Anyone want to respond to the main topic here, revolving doors? Both Republicans and Democrats are involved in being legislator turned lobbyist or lobbyist turned legislator. There is no holier than thou high ground to stand on for either party. I think we need to call it for what it is, business as usual within the beltway. And what needs to be done? That's where both parties are stuck. It is the same predicament pork is in. How do you get the porkers to vote for anti pork legislation? The parallel is how do you get the people directly involved in the revolving door to vote against it or setting limits on it?
So Obama can't remedy this problem within his first month in office and the Obama bashers are back again. NO ONE HAS SOLVED THIS PROBLEM IN OUR ENTIRE HISTORY. If you really take issue with this problem, we need to look to the younger generation in both parties that are not that involved with business as usual.
I must wonder at a vetting process that ignores Daschle's tax problems and the glaring fact that he made five million dollars in less than two years pimping for the Health Care industry. What sort of logic leads to a desire to put this guy in charge of our Health Care policies?
The stimulus package will, in its final version, be a useless attempt to stem the tide of our failing economy precisely because Obama is wedded to the same faulty logic and tired myths that we find in the last several Presidents. At a time when the American people are frightened for their jobs, their homes and their retirements, and many are already unemployed, foreclosed and without pensions, Obama turns his back on us all.
This would seem a perfect time to go to the people and use that enormous force we all represent. A pity that President Obama does not represent the change that his cultists wished for him.

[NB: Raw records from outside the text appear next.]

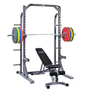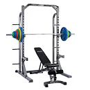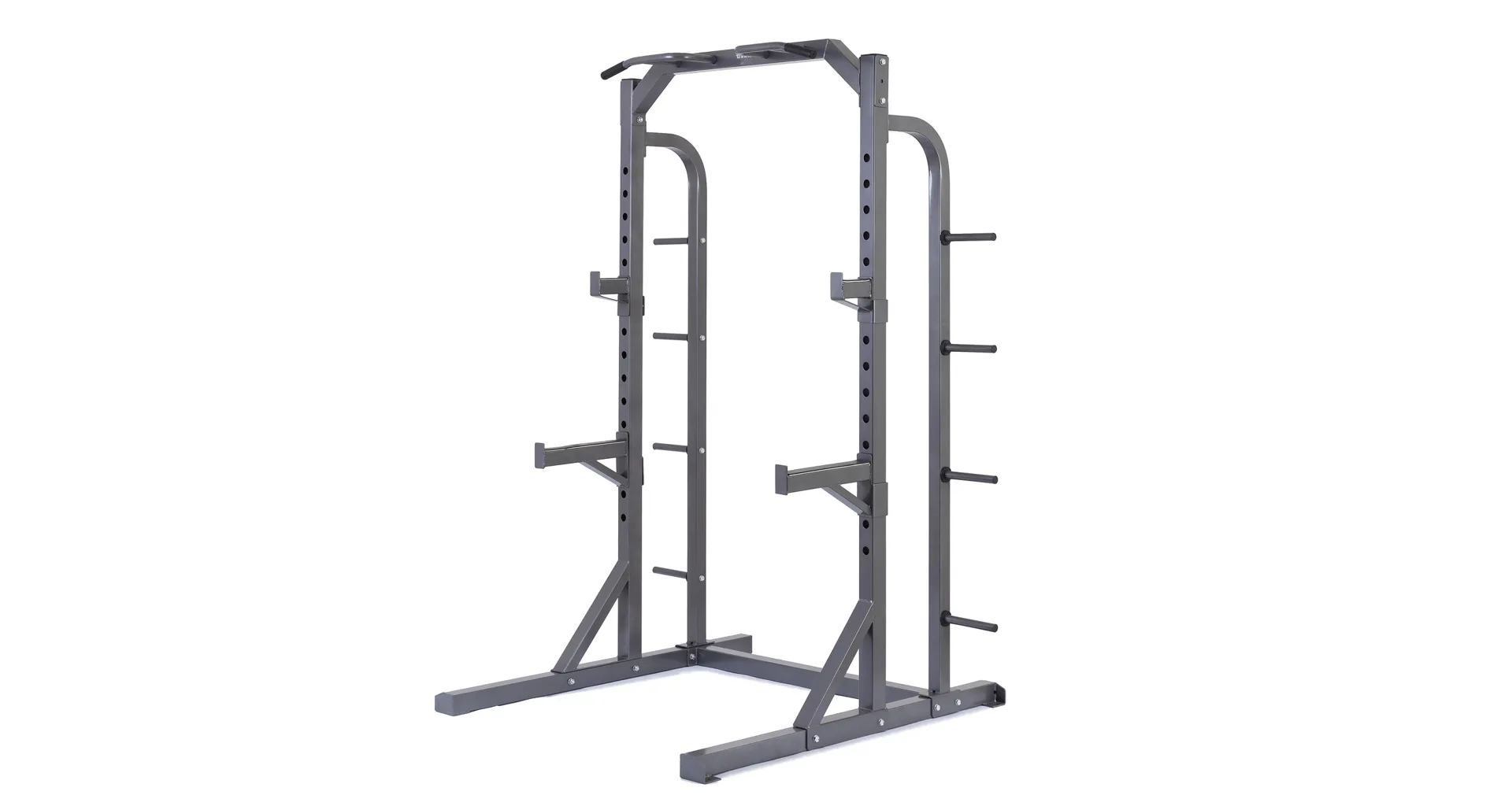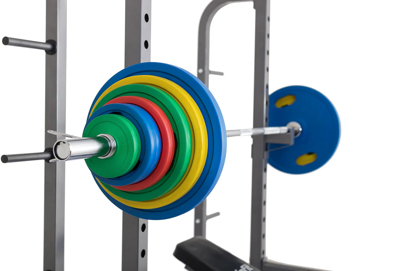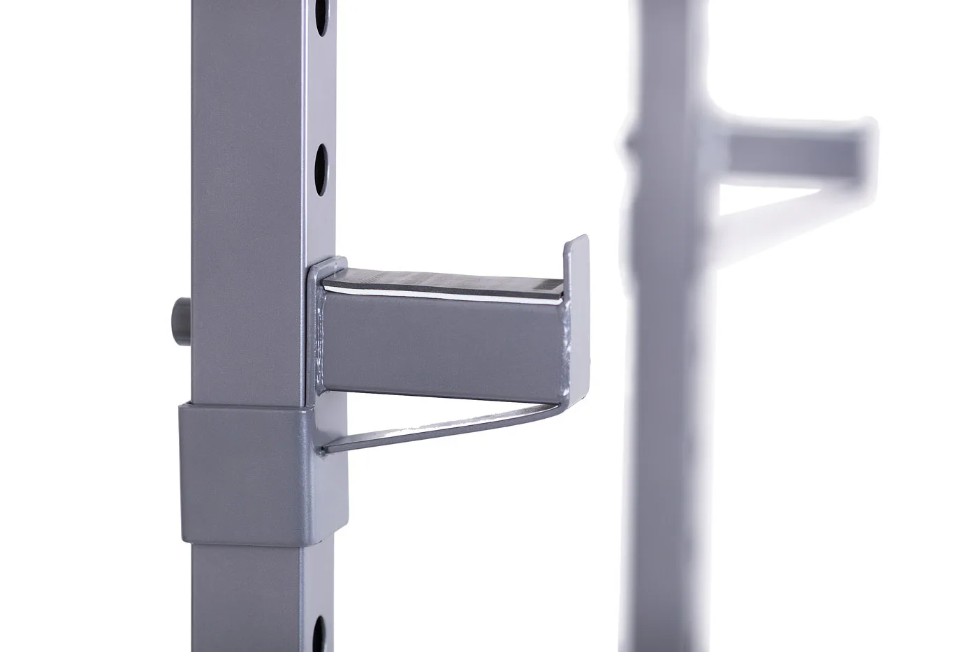 Na boku stojanu jsou instalovány praktické odkládací trny na kotouče, ty lze tedy pohodlně nakládat na činku a po docvičení bezpečně uložit na své místo. Trnů je celkem osm a mají průměr 25 mm a v případě potřeby je lze doplnit adaptérem na olympijské kotouče s vrtáním 50 mm. Adaptéry nejsou součástí dodávky, lze si je u nás dokoupit!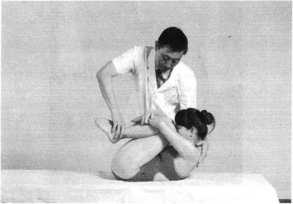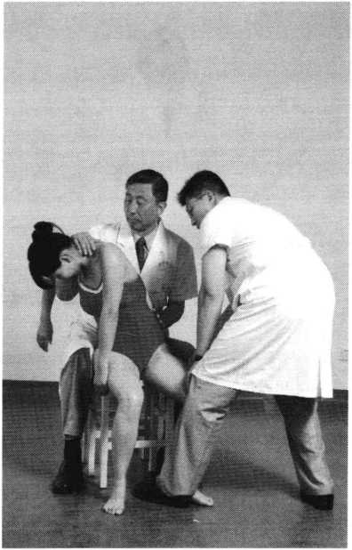 操作技巧:助手面对病人而立,双手按压其膝关节上 方以固定体位。术者一手从其腋下绕过肩前按于颈后,使 头部略前屈,另一手扶托于患者腰部,并以其为支点,缓 慢轻柔地旋转腰部,幅度从小到大,循序渐进,使腰部肌 肉得到最大幅度的伸展。频率宜慢,用力均衡持续,勿超 出生理功能范围(照片155)。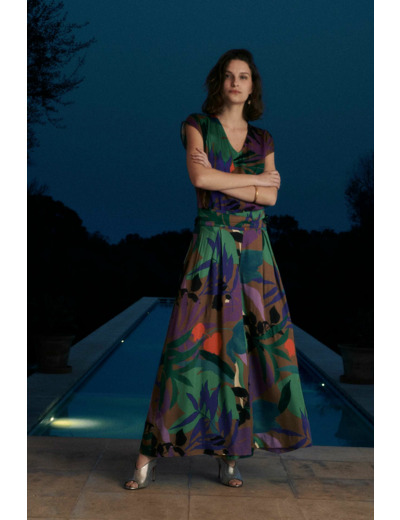 Modèle ample et fluide grâce à sa composition en 100% viscose, le pantalon patrice est une pièce élégante ornée d'un imprimé fantaisie végétal. - Ceinture à nouer sur la taille - Découpe plissée devant - Longueur totale, 102cm pour une taille 38

"Most people would sooner die than think, in fact they do so." Bertrand Russell
Well, I have to admit that although I'm used to living in an economically numb status for the past few years, I was expecting Obama to slowly push for a change for the better but unfortunately I see that he's reminding me of Bill Clinton. That doesn't mean I'll go back to voting Republican but I'll be happy to see if I can find a progressive minded candidate to run for a state legislature even though the odds of getting that independent elected are slim to none. I guess we can't keep trying to hold our noses and expect a change in direction for the better, can we? I used to think that it would have been too early at this stage to judge but taking a look at the results doesn't seem to bode well. I didn't even expect a stimulus package so soon and thought that somewhere it looks too good to be true. Oh well, I guess we're about to find out.